Re: [tip:x86/platform] x86/hyper-v: Use hypercall for remote TLB flush
From: Vitaly Kuznetsov
Date: Thu Aug 17 2017 - 03:58:34 EST
Boris Ostrovsky <boris.ostrovsky@xxxxxxxxxx> writes:
> On 08/16/2017 12:42 PM, Vitaly Kuznetsov wrote:
>> Vitaly Kuznetsov <vkuznets@xxxxxxxxxx> writes:
>>
>>> In case we decide to go HAVE_RCU_TABLE_FREE for all PARAVIRT-enabled
>>> kernels (as it seems to be the easiest/fastest way to fix Xen PV) - what
>>> do you think about the required testing? Any suggestion for a
>>> specifically crafted micro benchmark in addition to standard
>>> ebizzy/kernbench/...?
>> In the meantime I tested HAVE_RCU_TABLE_FREE with kernbench (enablement
>> patch I used is attached; I know that it breaks other architectures) on
>> bare metal with PARAVIRT enabled in config. The results are:
>>
>>...
>>
>> As you can see, there's no notable difference.
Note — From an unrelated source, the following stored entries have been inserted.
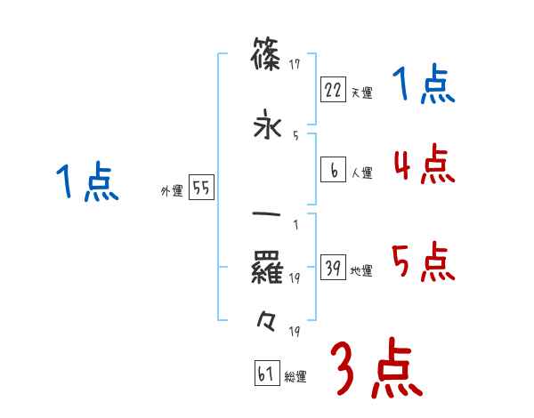 天運![]() | 篠永一羅々さんの天運は22画の1つ星!努力することが苦手ないっぽう手先が器用。芸術性にも優れる。 家系が持つ宿命的な運勢を表します。祖先から受け継いだ苗字ですので自分の力が及びません。家柄を象徴します。 |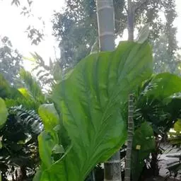 野芋是天南星科芋属一年生湿生草本植物。块茎球形;叶柄直立肥厚,长达1米以上;叶片薄革质盾状,…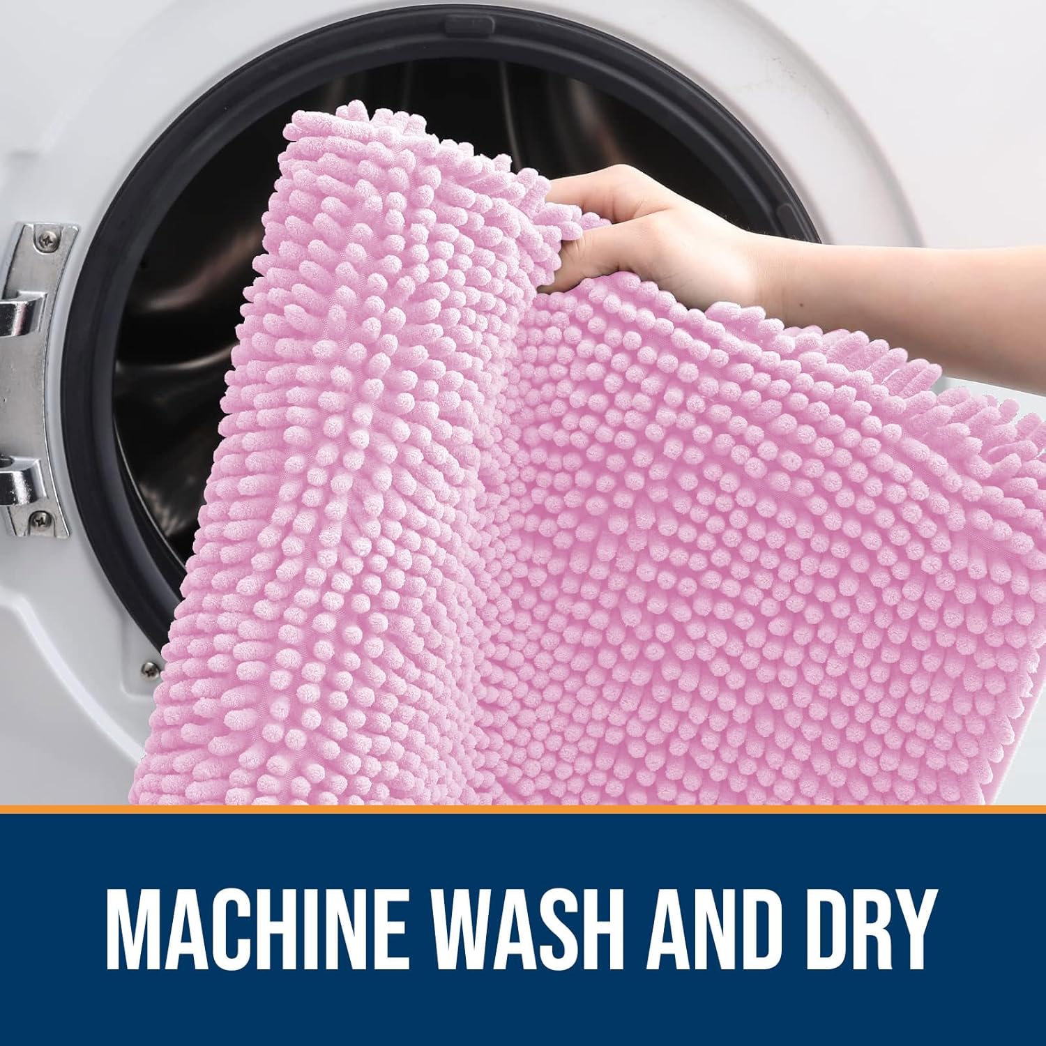 OLANLY Dog Door Mat for Muddy Paws 47x20, Absorbs Moisture and Dirt, Absorbent Non-Slip Washable Doormat, Quick Dry Chenille Mud Mat for Dogs, Entry Indoor Entryway Carpet for Inside Floor, Pink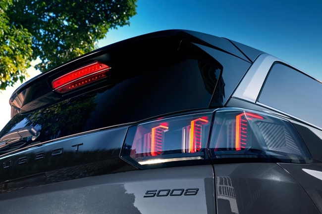 修长且灵动的腾跃式立体腰线,仿佛捕猎时蓄势待发的雄狮,呈现出雄浑壮阔之美。悬浮式黑钻车顶和19寸钻石切割双色轮辋,犹如流动的韵律,时刻闪耀驾驭的激情。跃动尾部设计中,全新PEUGEOT标识贯穿其中,搭配魅影黑品牌标识与车型标识,让狮爪式LED尾灯更具辨识度,背影亦撩人。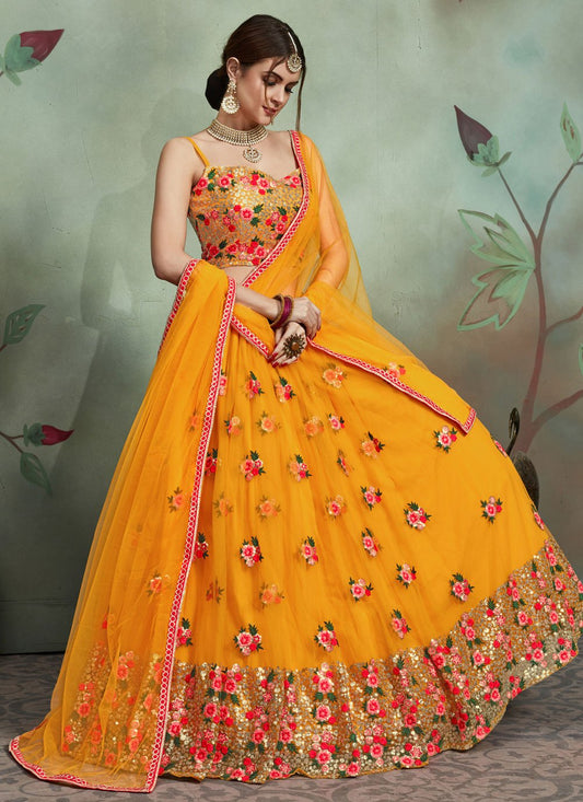Lehenga Choli Velvet Mustard Diamond Lehenga

I'll think of a
>> microbenchmark though.
>
> FWIW, I was about to send a very similar patch (but with only Xen-PV
> enabling RCU-based free by default) and saw similar results with
> kernbench, both Xen PV and baremetal.
>
Thanks for the confirmation,
I'd go with enabling it for PARAVIRT as we will need it for Hyper-V too.
<snip>
>>
>> #if CONFIG_PGTABLE_LEVELS > 4
>> void ___p4d_free_tlb(struct mmu_gather *tlb, p4d_t *p4d)
>> {
>> paravirt_release_p4d(__pa(p4d) >> PAGE_SHIFT);
>> +#ifdef CONFIG_HAVE_RCU_TABLE_FREE
>> + tlb_remove_table(tlb, virt_to_page(p4d));
>> +#else
>> tlb_remove_page(tlb, virt_to_page(p4d));
>> +#endif
>
> This can probably be factored out.
>
>> }
>> #endif /* CONFIG_PGTABLE_LEVELS > 4 */
>> #endif /* CONFIG_PGTABLE_LEVELS > 3 */
>> diff --git a/mm/memory.c b/mm/memory.c
>> index e158f7ac6730..18d6671b6ae2 100644
>> --- a/mm/memory.c
>> +++ b/mm/memory.c
>> @@ -329,6 +329,11 @@ bool __tlb_remove_page_size(struct mmu_gather *tlb, struct page *page, int page_
>> * See the comment near struct mmu_table_batch.
>> */
>>
>> +static void __tlb_remove_table(void *table)
>> +{
>> + free_page_and_swap_cache(table);
>> +}
>> +
>
> This needs to be a per-arch routine (e.g. see arch/arm64/include/asm/tlb.h).
>
Yea, this was a quick-and-dirty x86-only patch.
--
Vitaly